Thailand stated on Friday that it will cease its highly ridiculed pre-registration process for foreign tourists, and that face masks will no longer be required to be worn in public, in reaction to a slower COVID-19 spread.

Tourism Minister Pipat Ratchakitprakan said that the “Thailand Pass” system, which requires international tourists to obtain consent from Thai officers ahead of time, shall be phased down beginning July 1, removing one of the nation’s last remaining travel limitations.

Thailand is one of the world’s most popular tourist destinations, but the country’s requirement that international tourists submit of documentation, ranging from vaccination and swab test certifications to medical insurance and hotel reservations, has hampered the sector’s recovery.
Despite relaxed quarantine laws, Thailand received over 40 million visitors in 2019, down from less than 1% the year before.

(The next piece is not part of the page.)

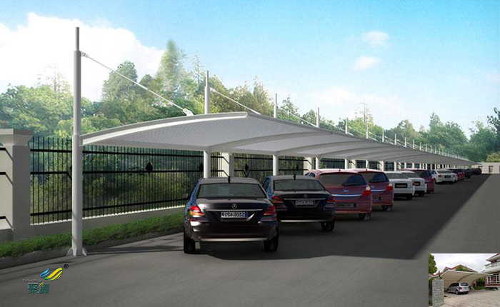車棚是一種預應力空間整體結構,將結構與建筑圍合部分結為一體,最大限度的發(fā)揮了膜材料的承載能力,創(chuàng)造出一種具有自然形態(tài)美的外觀,既飄逸又剛勁有力。膜材對光反射高吸收低,且熱傳導性較低,這極大程度上阻止紫外線進入室內。另外,膜材料的半透明性保證了適當?shù)穆涔庹彰魇覂?,進行自然采光,節(jié)約運營中的能源消耗,但嚴寒地區(qū)宜進行必要的保溫設計。車棚奇特的造型和夜景效果有明顯的建筑可識性和商業(yè)效應。膜結構車棚的膜材、鋼結構支承系統(tǒng)均可在工廠內制作,現(xiàn)場安裝,便于工業(yè)化,縮短施工工期,具有良好的經濟性。相比傳統(tǒng)的停車棚,膜結構車棚具有自潔性好、大跨度、造型美觀、施工周期短、體量輕等優(yōu)點,目前已經得到廣泛應用。

Though tourism has rebounded in recent months, the industry continues to experience enormous job and business losses in a sector that accounts for roughly 12% of Thailand’s GDP.
Face masks will be optional starting next month, according to the coronavirus task group, but they should be worn in crowded settings or if you have a medical concern.

COVID-19 has claimed the lives of approximately 30,000 Thais, although the disease has been well-managed thanks to a vaccination rate of 80%.